• _RECORDS FOR PROCESSING_
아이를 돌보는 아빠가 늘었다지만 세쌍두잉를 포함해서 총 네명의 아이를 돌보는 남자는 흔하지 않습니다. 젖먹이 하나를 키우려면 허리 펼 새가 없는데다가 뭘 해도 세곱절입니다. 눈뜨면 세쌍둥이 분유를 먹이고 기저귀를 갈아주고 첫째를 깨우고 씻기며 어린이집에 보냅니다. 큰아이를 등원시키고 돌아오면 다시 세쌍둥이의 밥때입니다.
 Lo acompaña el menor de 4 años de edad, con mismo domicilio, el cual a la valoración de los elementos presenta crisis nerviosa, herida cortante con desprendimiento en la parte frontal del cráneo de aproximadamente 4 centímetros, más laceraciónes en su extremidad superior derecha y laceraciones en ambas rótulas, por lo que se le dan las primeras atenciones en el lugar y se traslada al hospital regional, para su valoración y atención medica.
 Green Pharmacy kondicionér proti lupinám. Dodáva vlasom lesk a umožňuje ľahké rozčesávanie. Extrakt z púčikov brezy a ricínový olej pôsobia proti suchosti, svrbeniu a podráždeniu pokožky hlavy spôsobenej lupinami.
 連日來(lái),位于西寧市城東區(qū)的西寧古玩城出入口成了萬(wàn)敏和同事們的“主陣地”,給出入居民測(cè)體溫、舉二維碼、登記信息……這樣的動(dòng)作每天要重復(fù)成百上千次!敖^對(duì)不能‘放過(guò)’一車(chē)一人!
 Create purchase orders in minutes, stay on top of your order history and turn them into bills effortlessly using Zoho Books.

* * *

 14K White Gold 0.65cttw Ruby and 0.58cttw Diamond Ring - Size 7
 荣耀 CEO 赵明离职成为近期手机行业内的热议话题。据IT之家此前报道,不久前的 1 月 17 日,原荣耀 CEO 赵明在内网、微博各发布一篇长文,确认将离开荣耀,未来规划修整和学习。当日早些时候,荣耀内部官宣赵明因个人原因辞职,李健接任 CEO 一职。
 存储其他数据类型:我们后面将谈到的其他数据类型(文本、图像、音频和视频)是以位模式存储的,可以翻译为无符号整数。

• _REQUIRED ACTION_
Start with the line above that contains "14K White Gold" and end with the line that contains "存储其他数据类型:我们后面将". Write out those lines exactly, and only those.

• _OUTPUT OF THE TASK_
 14K White Gold 0.65cttw Ruby and 0.58cttw Diamond Ring - Size 7
 荣耀 CEO 赵明离职成为近期手机行业内的热议话题。据IT之家此前报道,不久前的 1 月 17 日,原荣耀 CEO 赵明在内网、微博各发布一篇长文,确认将离开荣耀,未来规划修整和学习。当日早些时候,荣耀内部官宣赵明因个人原因辞职,李健接任 CEO 一职。
 存储其他数据类型:我们后面将谈到的其他数据类型(文本、图像、音频和视频)是以位模式存储的,可以翻译为无符号整数。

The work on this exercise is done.